The spring of 2016 marked the beginning of a very unpleasant summer for a Hospital in the Pacific Northwest. Within a few months, it had become implicated in a security breach that involved massive HIPAA violations after having taken part in an approved, collaborative Genetic Study. The study was conducted by an independent genetic research firm who brought the data in from various institutions to a private cloud, run by a private provider. But as misfortune had it, the info that came from our particular hospital carried patient CPT codes with it, which it should not have.
CPT codes tell us which procedures a patient went through. Since carrying information that reveals anything about the patient’s person, including medical data, is subject to HIPAA, having this information out there with the genetic data became a problem once it was all gathered in the cloud. One of the staff researchers at the firm actually noticed this and kept it to himself – but only for a while. He chose to use it against the firm a few months later, after he was dismissed from his position. A security breach exposed the same error as well, placing the company, the Hospital and the cloud service provider, in violation of the HIPAA law.
Apart from being a perfect storm of security breaches, human error, and abuse of trust put together, this tale of research-gone-awry sheds light on one of the main issues looming over cloud computing today: how do we protect our data while working on it in the cloud? After all, the information reaches the cloud so it can be handled better, processed faster, and ultimately, we want it to be private as well.
They key to having a safe working environment is maintaining control over the data. If our hospital could have the actual, raw data, secure in one place and run the operations on the cloud without exposing the data itself, then neither the hospital nor the cloud service provider would have been liable, because no private information would have exchanged hands.
Machine Learning (ML) and cryptography based solutions are the incredible answers we have right now. Though each have their drawbacks, when implemented in the cloud environment, they can help prevent situations like the one we just read.
Let’s a look at the traditional situation first. In the classic model of centralized learning (ML), information is gathered in the cloud from all connected devices and then sends it to a central model, where data alters the algorithm and ‘trains’ it. Because actual information is gathered and stored it’s less of a fit for dealing with legally regulated records, since this means that data exchanges hands. Distributed learning distributes data between multiple data owners and creates a central aggregator to coordinate between them. The owner and aggregator collaborate, and train a global model, which is then based on all the training data in the system. Despite being privacy friendly, DL systems are exposed to attacks: data inversion, membership inference and property inference, poisoning and backdoor attacks, particularly by systems that feature underlying ML models themselves and can train online using distributed training data. Federated learning gives segments of the learning process out to clients. Each client uses locally collected data and trains a local model. The models are then collected and sent to an aggregator which combines them all into a global model. Federated learning supports privacy, because sensitive data remains with the client. It does not have to be shared or transmitted, not even over the network. The drawbacks are similar to those in distributed learning.
Fully Homomorphic Encryption offers the possibility of combining between usability, functionality and safety, but with a price.

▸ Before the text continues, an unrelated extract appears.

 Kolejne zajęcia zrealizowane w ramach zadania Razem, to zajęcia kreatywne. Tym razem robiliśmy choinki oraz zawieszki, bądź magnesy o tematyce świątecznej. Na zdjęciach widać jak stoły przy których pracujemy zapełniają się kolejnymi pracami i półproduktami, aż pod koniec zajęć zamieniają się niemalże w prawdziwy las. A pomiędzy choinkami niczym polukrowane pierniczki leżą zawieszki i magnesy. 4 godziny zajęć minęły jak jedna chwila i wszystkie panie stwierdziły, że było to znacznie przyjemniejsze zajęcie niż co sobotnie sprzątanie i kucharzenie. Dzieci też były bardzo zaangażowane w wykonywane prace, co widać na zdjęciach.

FHE enables us to run ML algorithms on encrypted data, without actually accessing the underlying data that is protected under governmental regulations like HIPAA. FHE’s drawbacks are that it is labor intensive, computationally heavy, and complicated to implement.

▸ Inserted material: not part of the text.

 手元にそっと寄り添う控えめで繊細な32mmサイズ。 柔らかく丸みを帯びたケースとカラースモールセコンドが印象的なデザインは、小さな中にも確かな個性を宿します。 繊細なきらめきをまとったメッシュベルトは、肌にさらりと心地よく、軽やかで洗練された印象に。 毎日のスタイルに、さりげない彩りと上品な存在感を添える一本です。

This multitude of possible solutions tells us that the field is still rife with challenges waiting to be tackled, with no actual winner around to take the lead in delivering speed, privacy and scalability in the cloud. Simplicity has made software-based security solutions the main trend today, but we’ve all learned from experience that the ‘software only’ approach to security is no longer enough. This is why hardware based secure enclaves, including those inside CPUs, have become a rising trend on the cloud.